On Sun, Aug 28, 2016 at 02:25:25AM +0900, Carsten Haitzler wrote:
> On Sat, 27 Aug 2016 14:15:31 +0200 marcel-hollerb...@t-online.de said:
> 
> > On Sat, Aug 27, 2016 at 09:59:51AM +0900, Carsten Haitzler wrote:
> > > On Fri, 26 Aug 2016 17:34:25 +0200 marcel-hollerb...@t-online.de said:
> > > 
> > > > Hello,
> > > > 
> > > > On Mon, Aug 22, 2016 at 08:04:09PM -0700, Carsten Haitzler wrote:
> > > > > raster pushed a commit to branch master.
> > > > > 
> > > > > http://git.enlightenment.org/core/efl.git/commit/?id=561f8eaa8faebe32b9a03cf9674c147cf0d6d9ab
> > > > > 
> > > > > commit 561f8eaa8faebe32b9a03cf9674c147cf0d6d9ab
> > > > > Author: Carsten Haitzler (Rasterman) <ras...@rasterman.com>
> > > > > Date:   Tue Aug 23 11:59:37 2016 +0900
> > > > > 
> > > > >     efreet - save about 240-300k or so of memory used by efreet mime
> > > > >     
> > > > >     so efreet mime was loading a bunch of mime type info files, 
> > > > > parsing
> > > > >     them on startup and allocating memory to store all this mime info 
> > > > > -
> > > > >     globs, mimetype strings and more. all a big waste of memory as its
> > > > >     allocated on the heap per process where its the SAME data files
> > > > > loaded every time.
> > > > >     
> > > > >     so make an efreet mime cache file and a tool to create it from 
> > > > > mime
> > > > >     files. mmap this file with all the hashes/strings in it so all 
> > > > > that
> > > > >     data is mmaped once in memory and shared between all processes and
> > > > > it is only paged in on demand - as actually read/needed so if your
> > > > >     process doesnt need to know about mime stuff.. it wont touch it
> > > > > anyway. 
> > > > >     this saves about 240-300k or so of memory in my tests. this has 
> > > > > not
> > > > >     covered the mime MAGIC files which still consume memory and are on
> > > > > the heap. this is more complex so it will take more time to come up
> > > > > with a nice file format for the data that is nicely mmaped etc.
> > > > >     
> > > > >     @optimize
> > > > > ---
> > > > 
> > > > [snip]
> > > > 
> > > > > +
> > > > >  EAPI int
> > > > >  efreet_mime_init(void)
> > > > >  {
> > > > > @@ -194,14 +386,15 @@ efreet_mime_init(void)
> > > > >       }
> > > > >  
> > > > >     efreet_mime_endianess = efreet_mime_endian_check();
> > > > > -
> > > > > -   monitors = eina_hash_string_superfast_new(EINA_FREE_CB
> > > > > (ecore_file_monitor_del)); -
> > > > >     efreet_mime_type_cache_clear();
> > > > >  
> > > > > +   _efreet_mimedb_update();
> > > > > +
> > > > >     if (!efreet_mime_init_files())

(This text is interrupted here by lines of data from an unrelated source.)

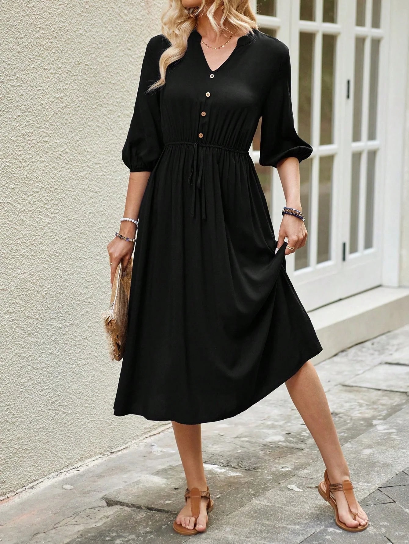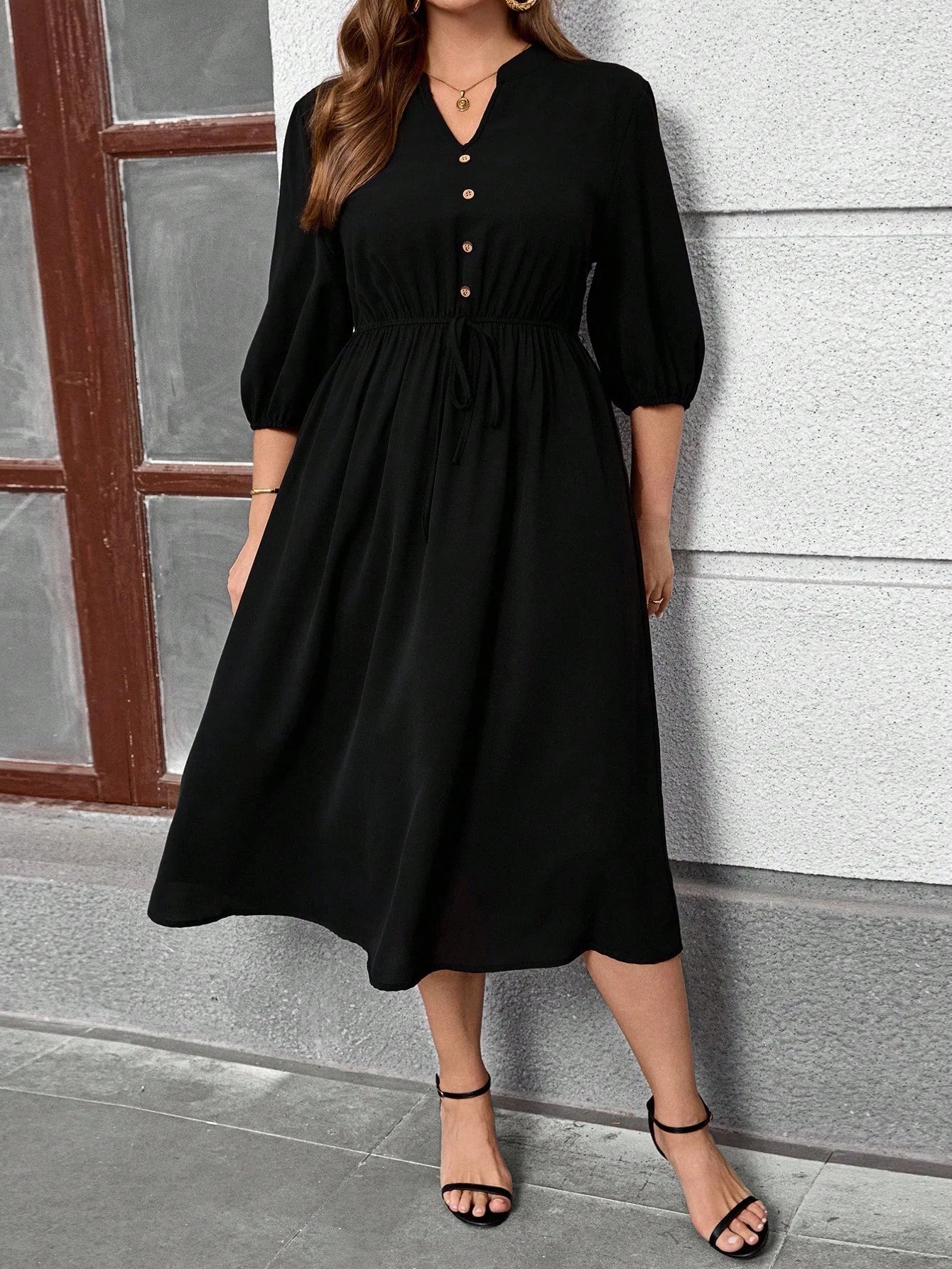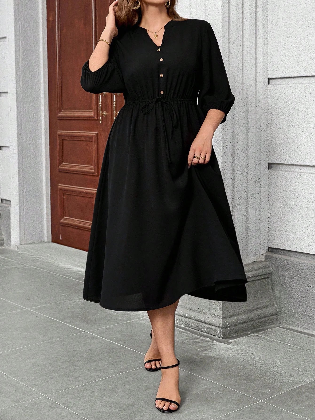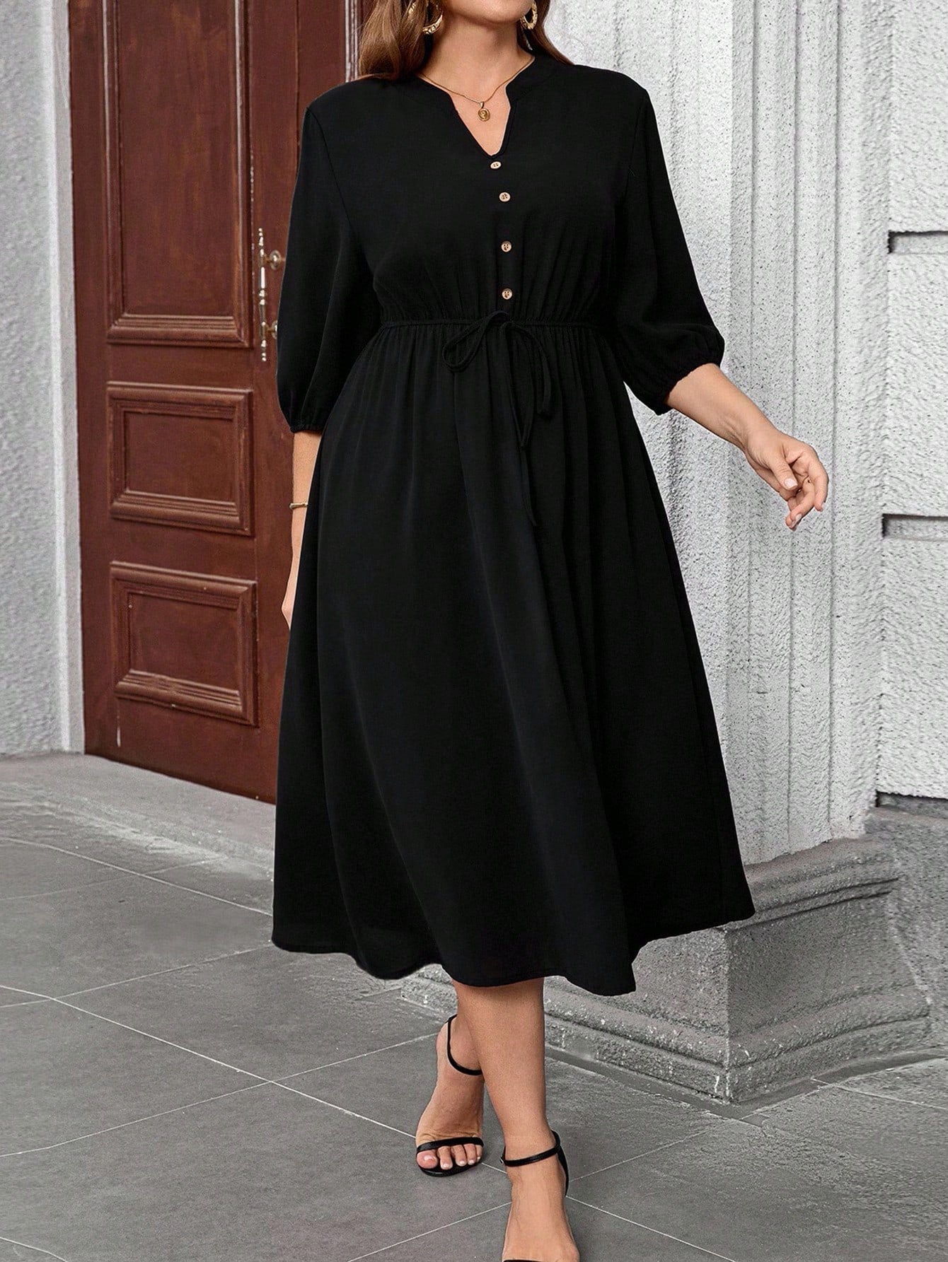 Vestito a-line con scollo a v e maniche a palloncino, adatto per taglie curvy, che nasconde il ventre
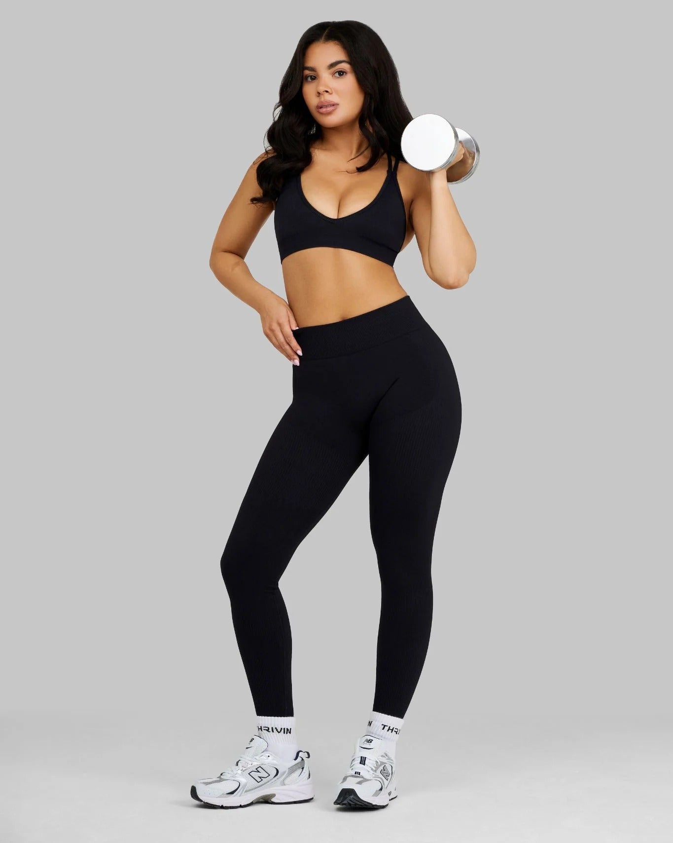 The THRIVIN Leggings, the ultimate shape wear. They feature ribbing detail around the upper thigh and waistband which provides a flattering compression. Designed with a minimal scrunch that is extra flattering, Solid buttery fabric for a smoothing effect, these will leave you feeling confident.
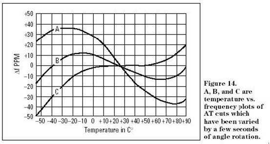 左邊以AT-CUT和BT-CUT為例,比較不同的切割方法對晶振參數的影響: AT-Cut: 切割角度:35013’(一般誤差在±3’,其誤差越小其溫度特性越好,) F(K)=1670(K)/t(mm) t為晶片之厚度,一般運用,溫度特性較發好,+/-30PPM BT-Cut: 切割角度:490 F(K)=2560(K)/t(mm) t為晶片之厚度, AT-Cut用于基頻高頻,溫度特性差, +/-100PPM 當AT-CUT與BT-CUT頻率一樣時,AT-CUT的本體要比BT-CUT的本體小,其C0,C1,L1也不一樣,如頻率為35MHZ,當其面積一樣時,AT-CUT本體的厚度為0.02mm,而BT-CUT的本體厚度為0.073mm. AT-CUT的C0為5.5pf,而BT-CUT的C0為2.7pf. AT-CUT溫度曲線如圖所示,現在我們所用的晶振的中心溫度值一般多為25±3oC,在-10 oC~70 oC這一區間,其溫度頻差一般為±30PPM,溫度特性較好.

> > > > >       goto unregister_log_domain;
> > > > >  
> > > > > +   _efreet_mime_update_func = _efreet_mimedb_update;
> > > > > +
> > > > >     return _efreet_mime_init_count;
> > > > >  
> > > > >  unregister_log_domain:
> > > > > @@ -228,6 +421,9 @@ efreet_mime_shutdown(void)

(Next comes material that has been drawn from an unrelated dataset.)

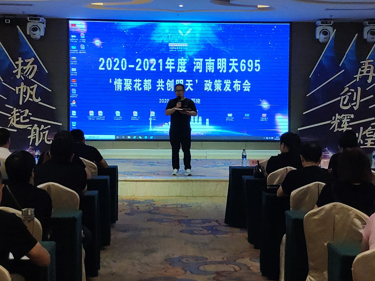 會上,由河南明天總經(jīng)理劉路坡向河南的合作伙伴們隆重的詳細(xì)發(fā)布2020-2021年度的營銷政策。
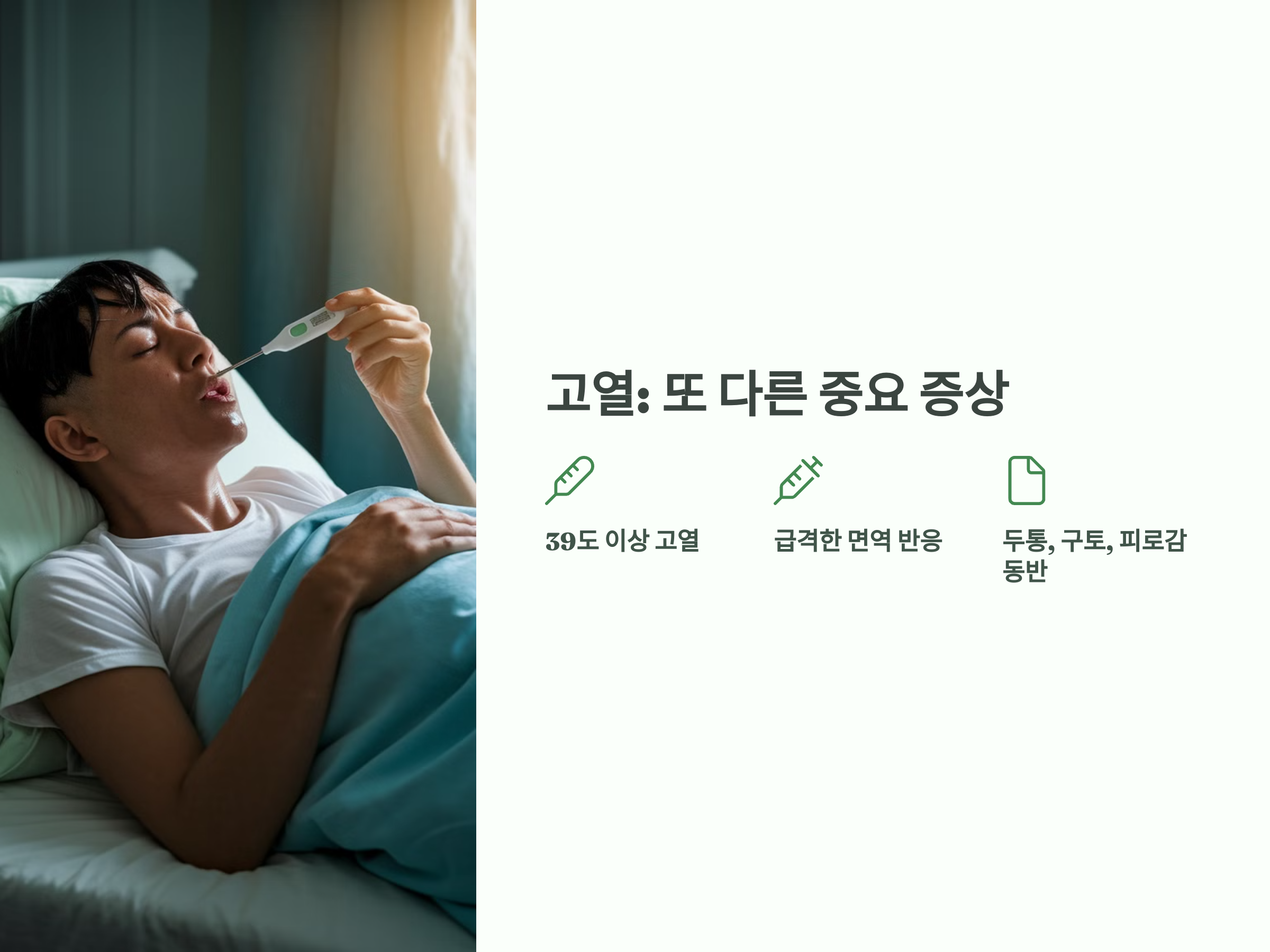 고열은 뇌수막염의 또 다른 중요한 증상으로, 체온이 급격하게 상승하면서 39도 이상의 고열이 발생할 수 있습니다. 열은 염증 반응에 의해 발생하는데, 뇌수막염이 발생하면 체내에서 급격한 면역 반응이 일어나면서 고열이 동반됩니다. 고열과 함께 두통, 구토, 피로감 등이 동반될 수 있습니다.

> > > > >     if (--_efreet_mime_init_count != 0)
> > > > >       return _efreet_mime_init_count;
> > > > >  
> > > > > +   _efreet_mimedb_shutdown();
> > > > > +   _efreet_mime_update_func = NULL;
> > > > > +
> > > > >     efreet_mime_icons_debug();
> > > > >  
> > > > >     IF_RELEASE(_mime_inode_symlink);
> > > > > @@ -241,10 +437,7 @@ efreet_mime_shutdown(void)

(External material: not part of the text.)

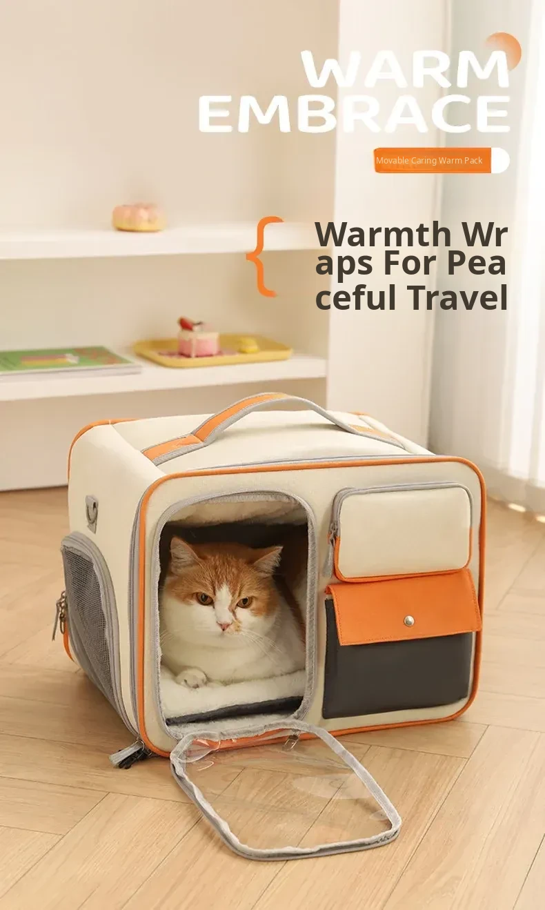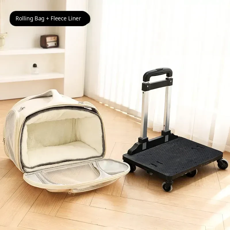 Winter Pet Travel Backpack - Large Capacity Warm Fleece Cat & Dog Carrier with Wheels for Outdoor Adventures, Perfect for Cold Weather Trips
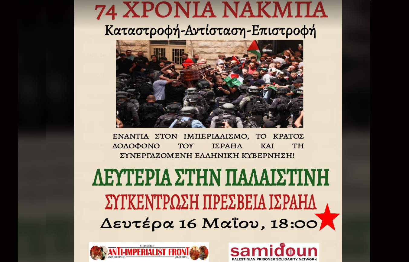 «74 Χρόνια οι επιθέσεις, οι βομβαρδισμοί, οι σφαγές εναντίον του ηρωικού Παλαιστινιακού λαού συνεχίζονται. Τα πρόσφατα γεγονότα των συνεχόμενων επιθέσεων στο Αλ Ακσα, οι συλλήψεις εκατοντάδων Παλαιστινίων, οι επεμβάσεις του ισραηλινού στρατού στην Κατεχόμενη Δυτική Όχθη, η δολοφονία της δημοσιογράφου Shireen Abu Aqleh με πυροβολισμό στο κεφάλι και η βεβήλωση της κηδείας της με εκ νέου επίθεση, από τους φονιάδες του Ισραηλινού στρατού, αναδεικνύουν ξεκάθαρα ποιος είναι αυτός που τρομοκρατεί τους λαούς της περιοχής» αναφέρει η ανακοίνωση.

> > > > >     IF_RELEASE(_mime_application_octet_stream);
> > > > >     IF_RELEASE(_mime_text_plain);
> > > > >  
> > > > > -   IF_FREE_LIST(globs, efreet_mime_glob_free);
> > > > >     IF_FREE_LIST(magics, efreet_mime_magic_free);
> > > > > -   IF_FREE_HASH(monitors);
> > > > > -   IF_FREE_HASH(wild);
> > > > >     IF_FREE_HASH(mime_icons);
> > > > >     eina_log_domain_unregister(_efreet_mime_log_dom);
> > > > >     _efreet_mime_log_dom = -1;
> > > > > @@ -387,11 +580,10 @@ efreet_mime_magic_type_get(const char *file)
> > > > >  EAPI const char *
> > > > >  efreet_mime_globs_type_get(const char *file)
> > > > >  {
> > > > > -   Eina_List *l;
> > > > > -   Efreet_Mime_Glob *g;
> > > > >     char *sl, *p;
> > > > > -   const char *s;
> > > > > -   char *ext, *mime;
> > > > > +   const char *s, *mime;
> > > > > +   char *ext;
> > > > > +   unsigned int i, n;
> > > > >  
> > > > >     EINA_SAFETY_ON_NULL_RETURN_VAL(file, NULL);
> > > > >  
> > > > > @@ -406,25 +598,27 @@ efreet_mime_globs_type_get(const char *file)
> > > > >          while (p)
> > > > >            {
> > > > >               p++;
> > > > > -             if (p && (mime = eina_hash_find(wild, p))) return mime;
> > > > > +             if (p && (mime = _efreet_mimedb_extn_find(p))) return
> > > > > mime; p = strchr(p, '.');
> > > > >            }
> > > > >       }
> > > > >  
> > > > > -   /* Fallback to the other globs if not found */
> > > > > -   EINA_LIST_FOREACH(globs, l, g)
> > > > > +   // Fallback to the other globs if not found
> > > > > +   n = _efreet_mimedb_glob_count();
> > > > > +   for (i = 0; i < n; i++)
> > > > >       {
> > > > > -        if (efreet_mime_glob_match(file, g->glob))
> > > > > -          return g->mime;
> > > > > +        s = _efreet_mimedb_glob_get(i);
> > > > > +        if (efreet_mime_glob_match(file, s))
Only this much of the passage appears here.